Steve Goldman, chief market strategist
at Weeden & Co., said he remains troubled about the financial
industry's underperformance amid lingering worries that the credit
crisis is still not over. He said that sector has been pulled higher by
the market's recent overall rise, but isn't taking the leadership
position needed to lead a bona fide rally.
"They tend to outperform the S&P by a 50 percent margin, but
we're not seeing that at all," he said of financials. "This has been a
nice rally, but for those of us that are bullish about the market,
we're going to need to see them outperform in order to feel comfortable
going long."
Concerns that major investment banks and retail banks have more
write-downs in coming quarters has put pressure on their stock prices.
For instance, Lehman Brothers Holdings Inc. is down about 8.5 percent from its highs this month, while the S&P is down by only 1 percent.
"They led us into the crisis, but they're not yet leading us out of it," he said. "That's what needs to happen."
On Tuesday, leadership went to technology stocks — with the Nasdaq
at one point up 1.3 percent. However, investors collected profits
during the last hour of trading and sent big tech names sharply lower. Apple Inc. fell $3.70, or 2 percent, to $182.26, after trading as high as $192.24 during the session.

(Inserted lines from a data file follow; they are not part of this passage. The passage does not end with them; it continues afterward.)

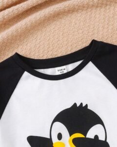 camiseta con estampado de pingüino y pantalones con estampado a cuadros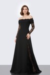 Kayık Yaka Yırtmaçlı Elbise - 1889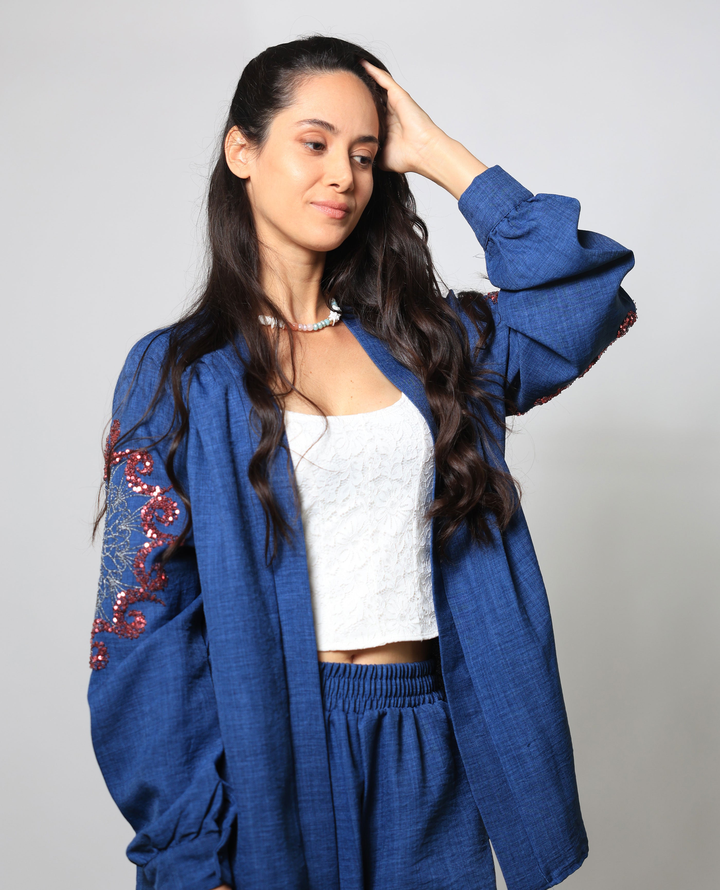Make a dazzling entrance with our Viola coord Set, designed to blend elegance with a touch of sparkle. This set features a beautifully coordinated top and bottom, each piece crafted to offer both style and comfort. The highlight of this ensemble is the stunning sequins work on the back, adding a glamorous flair to your look.

In corporate news, Macy's Inc.
reported it lost $59 million in the first quarter because of weaker
sales and costs tied to combining businesses. But the results topped Wall Street's expectations and the stock rose 87 cents, or 3.6 percent, to $24.93.
Deere & Co. said its fiscal second-quarter profit
rose 22 percent as higher crop prices drove global demand for its farm
equipment. But the company said rising costs of raw materials could eat
into its profits in the coming months. Deere fell $8.94, or 9.9
percent, to $81.25.
Jack in the Box Inc.
fell $2.90, or 9.9 percent, to $24.87 after the fast food chain said
sales at restaurants open at least a year fell short of forecasts for
the fiscal second quarter. The company lowered its sales target for the
third quarter.
Advancing issues outnumbered decliners by more than 3 to 2 on the New York Stock Exchange, where consolidated volume came to 3.86 billion shares, which is about even with Tuesday.
The Russell 2000 index of smaller companies fell 0.78, or 0.11 percent, to 736.07.
Overseas, Japan's Nikkei stock average rose 1.18 percent. In afternoon trading, Britain's FTSE 100 rose 0.07 percent, Germany's DAX index rose 0.33 percent, and France's CAC-40 advanced 1.13 percent.